Tester: forest management will become a taxpayer problem

Forest Service chief tells Senator not enough being done in Montana forests

(U.S. Senate) – Senator Jon Tester today questioned U.S. Forest Service Chief Tom Tidwell about the management of Montana’s forests.

“I don’t need to tell you how important the sawmills are as a part of the Forest Service,” Tester said. “We don’t want to drive these guys out of business, because then forest management will become a taxpayer problem.”

According to the Forest Service, in 2014, roughly 125 million board feet were harvested from 9,000 acres of national forest lands in Montana. There are 17 million acres of national forest in Montana.

During a subcommittee hearing on the Forest Service’s 2016 budget, Tester asked Tidwell if the current harvest numbers are enough to ensure Montana’s forests are properly managed.

“It’s not near enough of what we need to be doing to change the conditions on the landscape, to restore the resiliency of those forests and reduce the wildland fire threat to our communities,” Tidwell responded. “I’ve tried to be really clear about the challenge we have in front of us, and the need for us to increase the pace and scale of restoration of our nation’s forests.”

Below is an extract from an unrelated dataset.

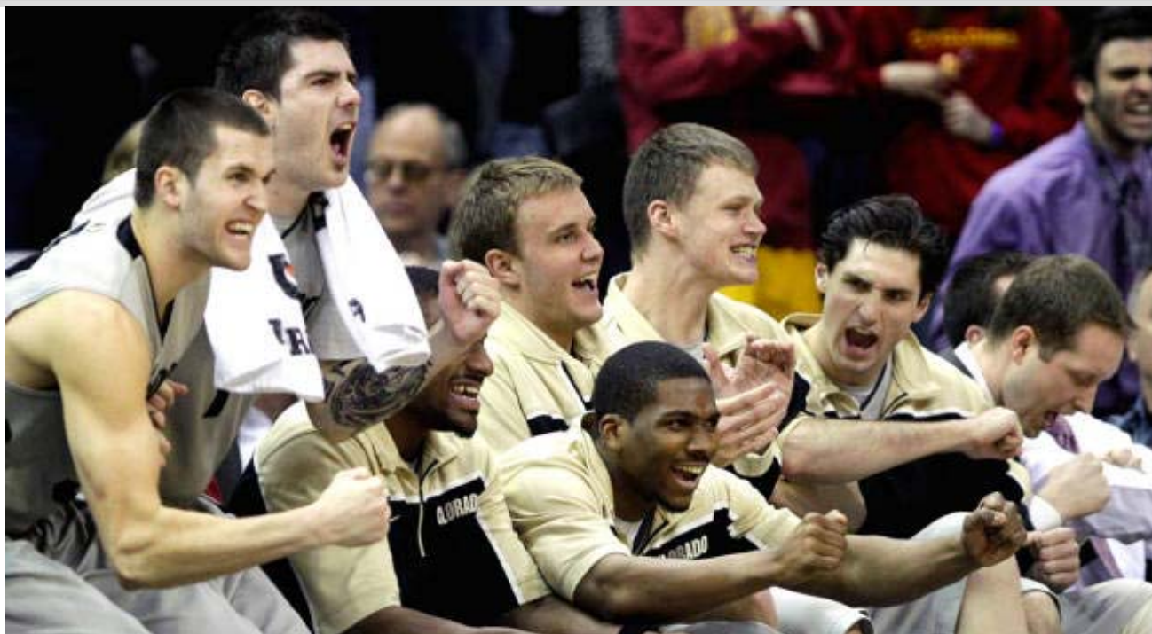
CU's bench comes to life in the final seconds of Wednesday's win over Iowa State.

When asked what number would be appropriate, Tidwell responded that the Forest Service needs to be treating “at least four times” the current acreage of forests in Montana.

Tidwell also told Tester that while Montana is a leader in implementing the 2014 Farm Bill’s forestry provisions, land management must be implemented on a much larger scale.

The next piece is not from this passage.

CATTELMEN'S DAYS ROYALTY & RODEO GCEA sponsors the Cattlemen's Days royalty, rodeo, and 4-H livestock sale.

Tester also endorsed the Administration’s plan to fully fund the Land and Water Conservation Fund (LWCF), which has been instrumental in expanding outdoor recreation in Montana and preserving wildlife habitat. Tester recently sponsored a bipartisan bill to permanently reauthorize LWCF.

Tester supports the Forest Service’s proposal to fix the way the Agency funds wildfire suppression, treating catastrophic wildfires like other natural disasters and allowing the Forest Service to make stronger investments in forest management. He is pushing a similar bipartisan legislative proposal to ensure the Forest Service has adequate funding to combat wildfires and manage our forests. Firefighting costs accounted for 16 percent of the Agency’s overall budget in Fiscal Year 1995, but by Fiscal Year 2014 that figure stood at 42 percent.